The bear could smell blood and that third trip to the garden was fitting set up to that one final apocalyptic moment. The final score was 5-2 Bruins but that score didn't tell the whole story. The Canucks were beaten, emotionally crushed and very scared. The series was tied and all the marbles rested on a single game.
…Back in Vancouver
…Where the Bruins had yet to win.
To its credit Vancouver did try. The Sedin twins did rise from their coma and the Canucks forward pressed hard, getting into Tim Thomas's face and practically up his nose at the games start. Even the most hardened fan (me included) were on the edge of the seat for a few minutes.
It was Patrice Bergeron that fired the shot that finished off the league's best regular season team and Western Conference champs. Three more shots found their mark but the body had already fallen. Thomas had put up a brick wall in net and had already made the conscious decision to put an exclamation point on the first Bruins cup triumph in 39 years, providing his forth shutout of the post-season.
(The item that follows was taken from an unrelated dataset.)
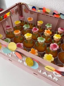 Peuter: een super simpele traktatie, maar wel mega leuk en vrolijk. Wat heb je nodig: cupcakes, dextrose lolly’s, groene dynanietstaafjes (bijv. van LookoLook) en bloemsnoepjes (bijv. van Kaja).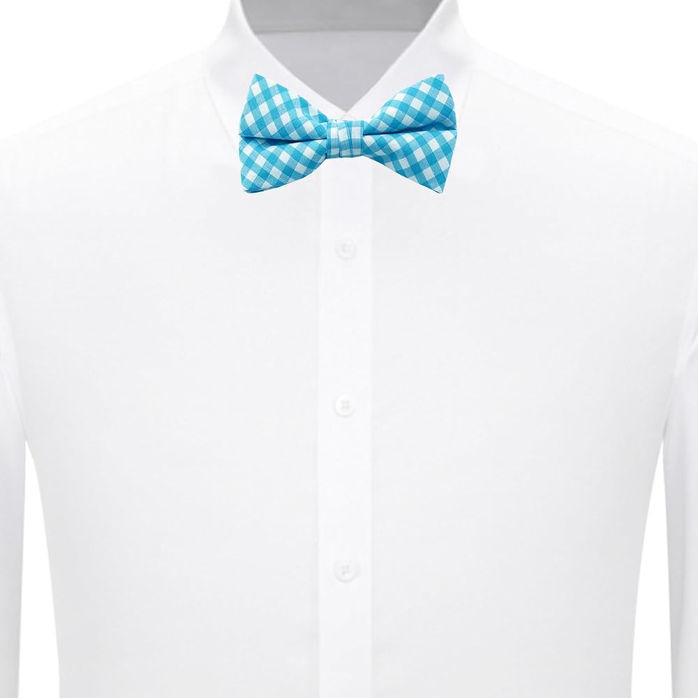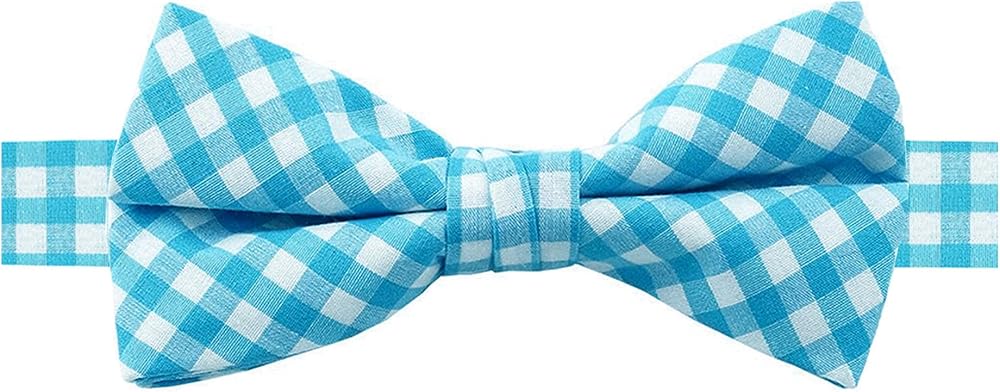 - ربطة عنق رجالية مربوطة مسبقًا بنمط مربعات من القماش القطني مصنوعة بنسبة 100% من القطن.

On a personal note I just had to nudge my lovely wife to pause the chick-flick she was watching on her computer and pop out her headphones to witness the Cup carried higher than its ever been held-literally seeing as Zdeno Chara is huge. She was good sport and sat patiently through the ceremony, likely wondering what the fuss was all about but having the good taste not to say anything. At the end she smiled at me and went back to her movie. After 25 years of my yelling shenanigans she's paid her dues in a different way. In her own quiet way she's been a Bruins fan for most of her life as well, she just won't admit it.
And now an estimated million people are funneling into Boston to grab a peace of that black and gold glory. The Burins are the conquering hero and deserve the adulation they receive on this day. Trivial in the grand scheme of things or not those men did fight the good fight and bring pride back to one of the finest cities on earth. I salute them for that.